### Dataset excerpt:
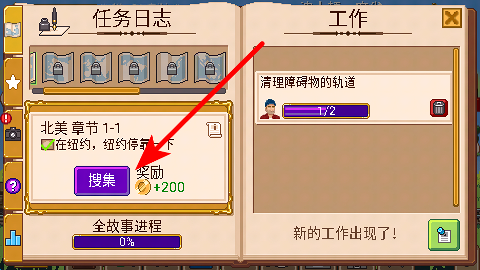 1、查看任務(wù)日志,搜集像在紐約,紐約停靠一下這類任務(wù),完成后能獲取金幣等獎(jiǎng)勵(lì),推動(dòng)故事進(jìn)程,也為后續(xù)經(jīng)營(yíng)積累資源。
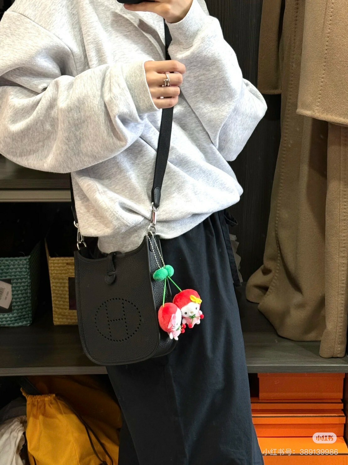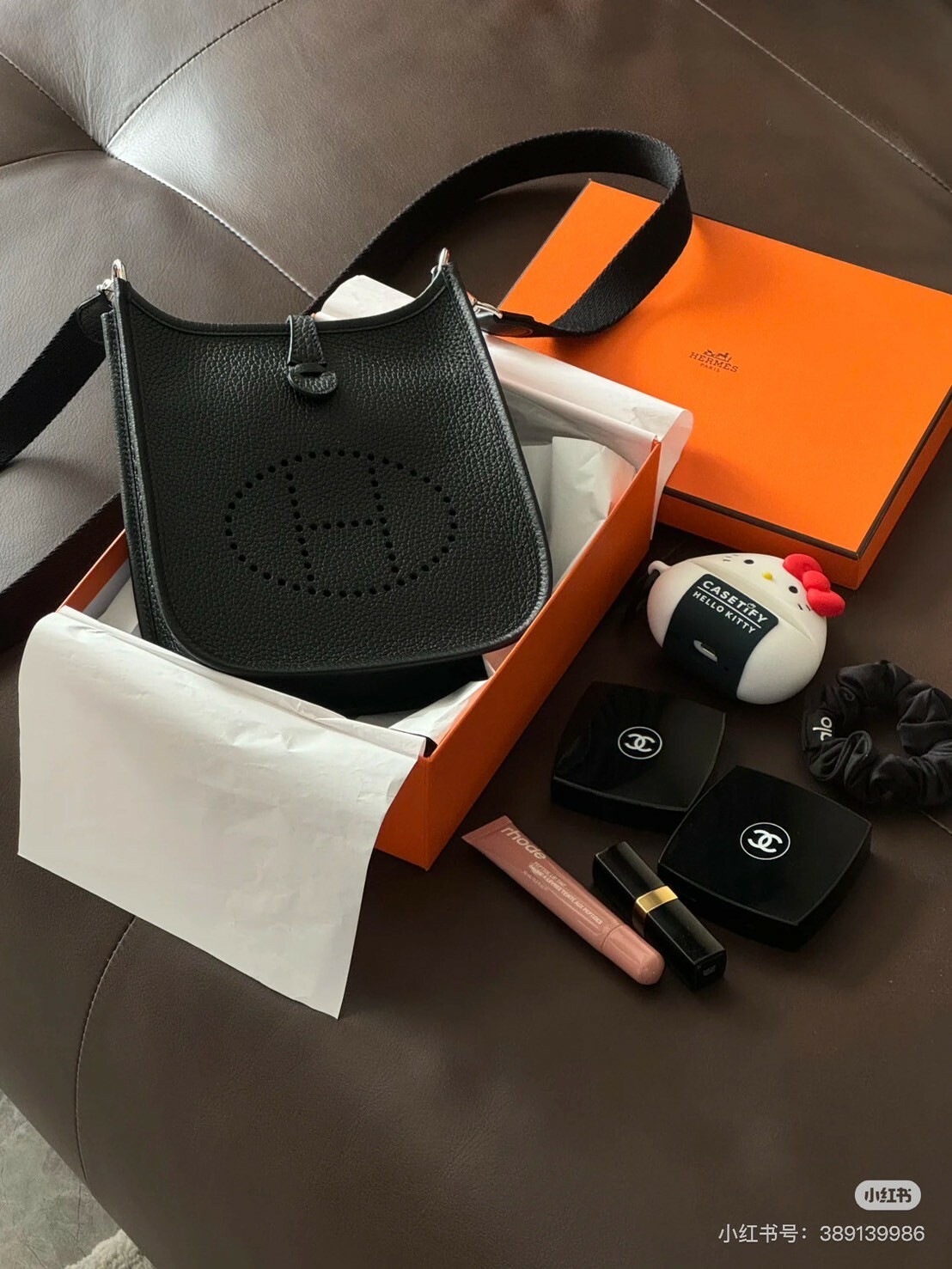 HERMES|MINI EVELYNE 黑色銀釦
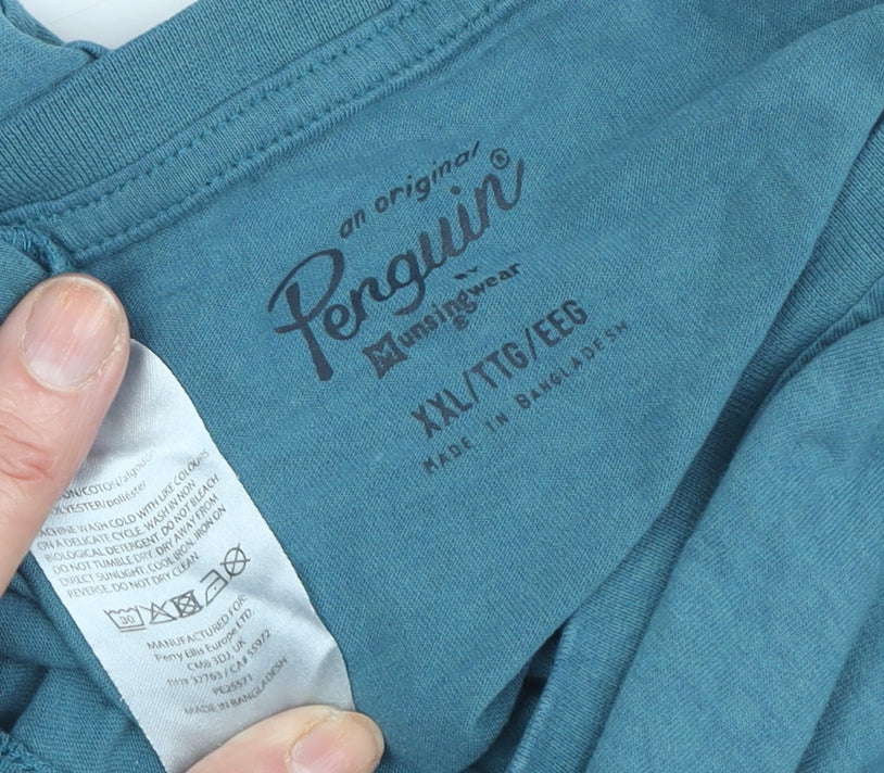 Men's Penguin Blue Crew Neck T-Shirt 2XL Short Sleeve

### Exercise aim:
The lines to copy run from the one with "HERMES|MINI EVELYNE 黑色銀釦" through the end of the material. Write them out exactly, leaving out the pictures.

### Solution to this task:
 HERMES|MINI EVELYNE 黑色銀釦
 Men's Penguin Blue Crew Neck T-Shirt 2XL Short Sleeve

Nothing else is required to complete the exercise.